- Description of the task -
Could you print exactly the lines of the listing below, starting at the line that has "The Dress comes" and ending at the line that has "検索した結果は、【正義は勝つ", and only those lines?

- Raw data -
[Start of section]
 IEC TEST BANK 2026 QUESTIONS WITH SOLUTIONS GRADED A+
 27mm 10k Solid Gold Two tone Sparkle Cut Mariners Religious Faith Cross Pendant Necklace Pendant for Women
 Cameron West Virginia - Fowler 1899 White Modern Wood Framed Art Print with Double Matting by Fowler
[End of section]
[Start of section]
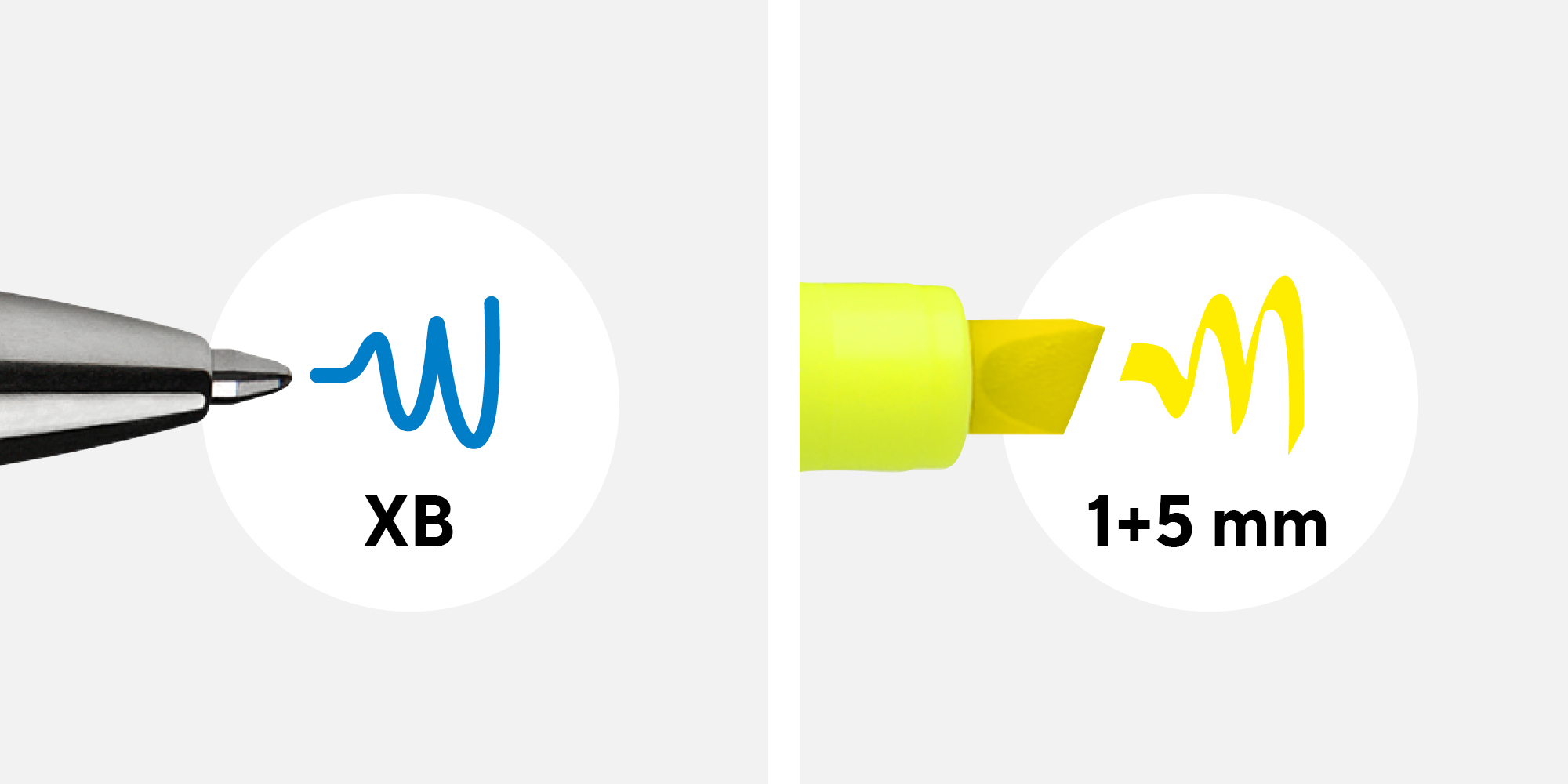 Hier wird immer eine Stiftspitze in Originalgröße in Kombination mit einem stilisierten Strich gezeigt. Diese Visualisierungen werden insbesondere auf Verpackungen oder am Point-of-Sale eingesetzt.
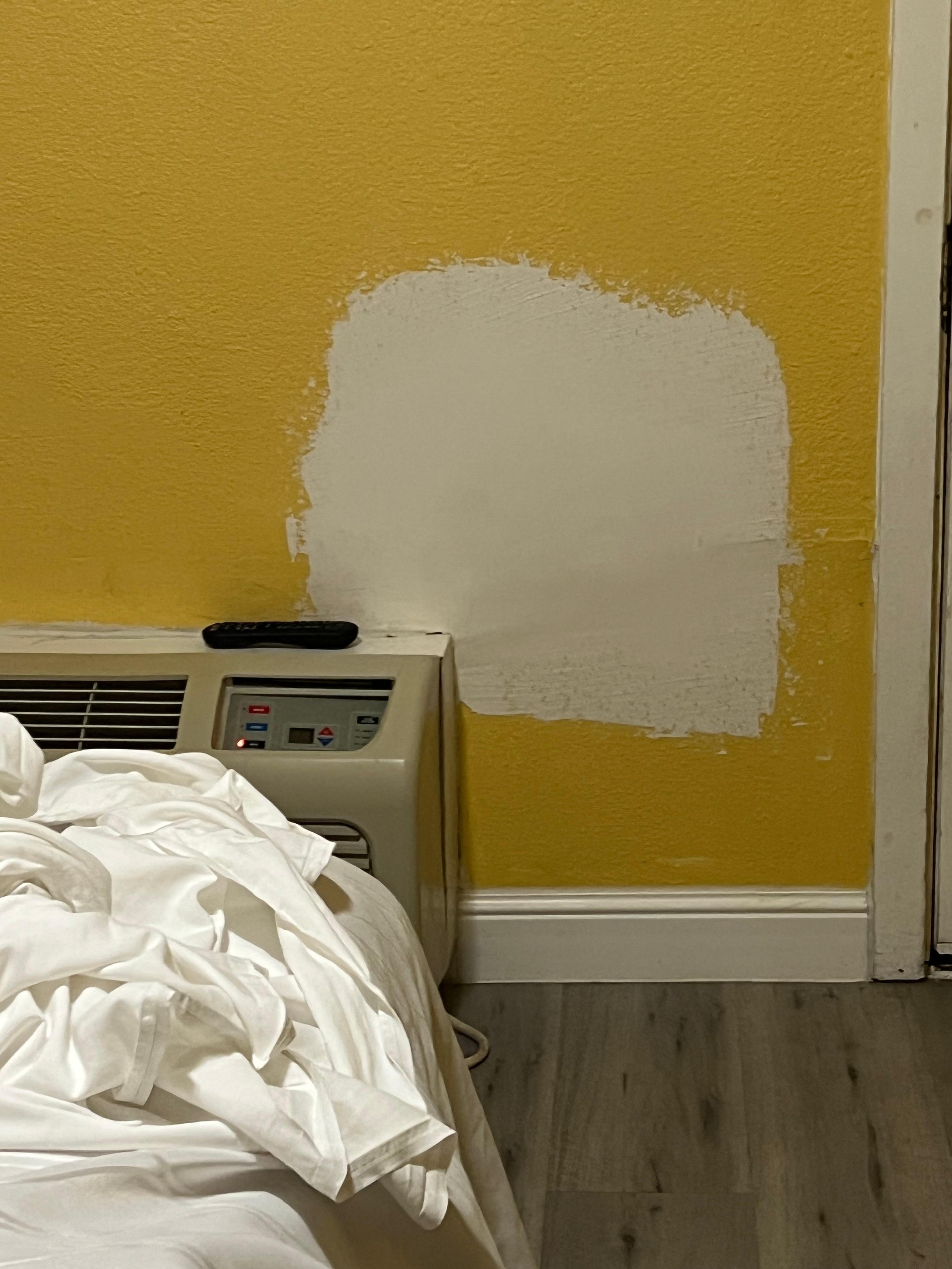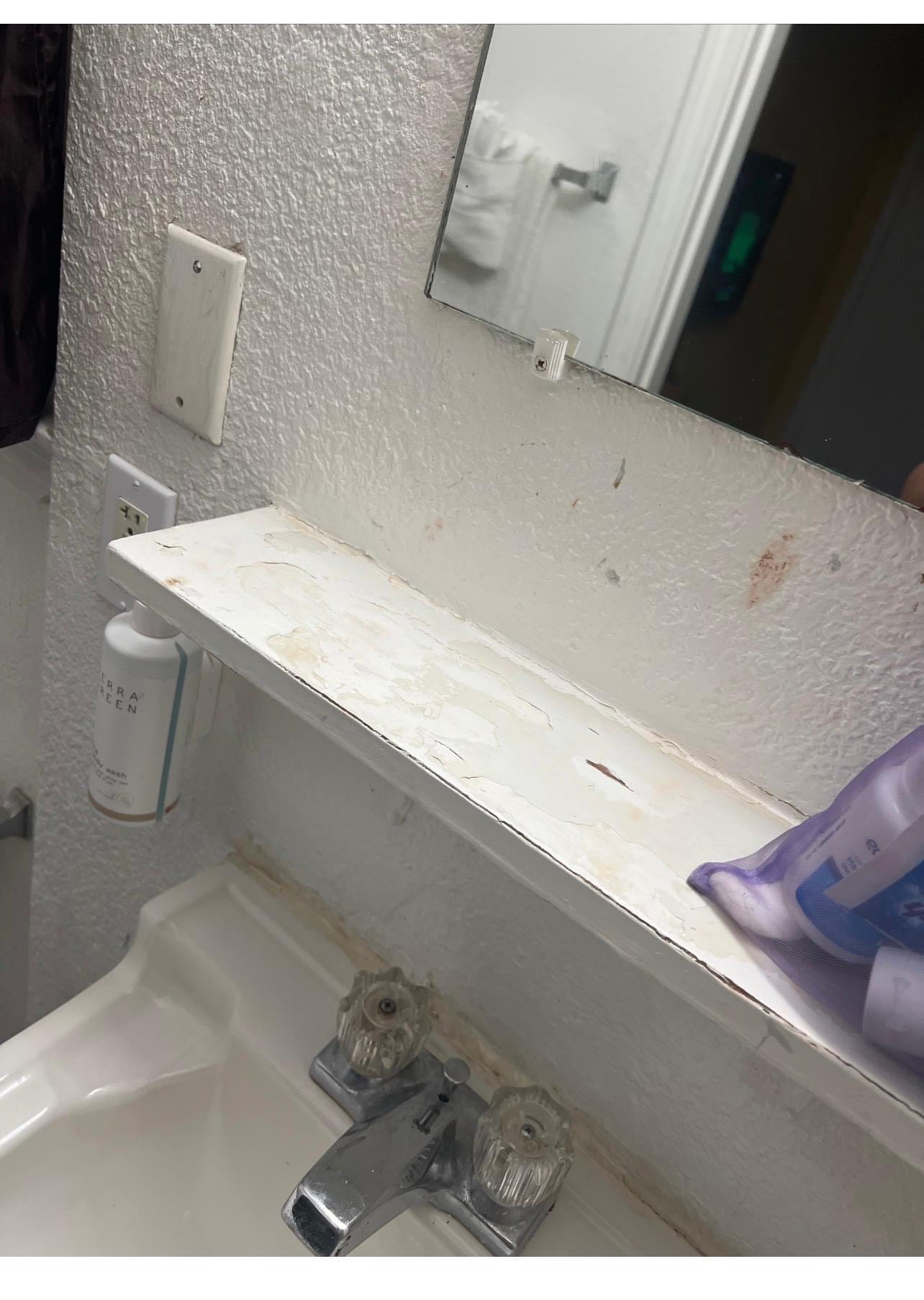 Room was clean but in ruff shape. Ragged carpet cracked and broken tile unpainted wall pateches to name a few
[End of section]
[Start of section]
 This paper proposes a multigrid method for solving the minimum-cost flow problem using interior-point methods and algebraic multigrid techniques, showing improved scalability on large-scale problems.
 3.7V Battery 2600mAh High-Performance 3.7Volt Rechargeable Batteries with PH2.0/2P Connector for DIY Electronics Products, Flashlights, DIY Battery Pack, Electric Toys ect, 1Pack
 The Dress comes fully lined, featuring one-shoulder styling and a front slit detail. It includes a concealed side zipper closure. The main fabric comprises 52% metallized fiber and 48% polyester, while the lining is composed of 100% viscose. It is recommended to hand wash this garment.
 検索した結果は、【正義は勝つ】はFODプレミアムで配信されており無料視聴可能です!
[End of section]
- Answer below -
 The Dress comes fully lined, featuring one-shoulder styling and a front slit detail. It includes a concealed side zipper closure. The main fabric comprises 52% metallized fiber and 48% polyester, while the lining is composed of 100% viscose. It is recommended to hand wash this garment.
 検索した結果は、【正義は勝つ】はFODプレミアムで配信されており無料視聴可能です!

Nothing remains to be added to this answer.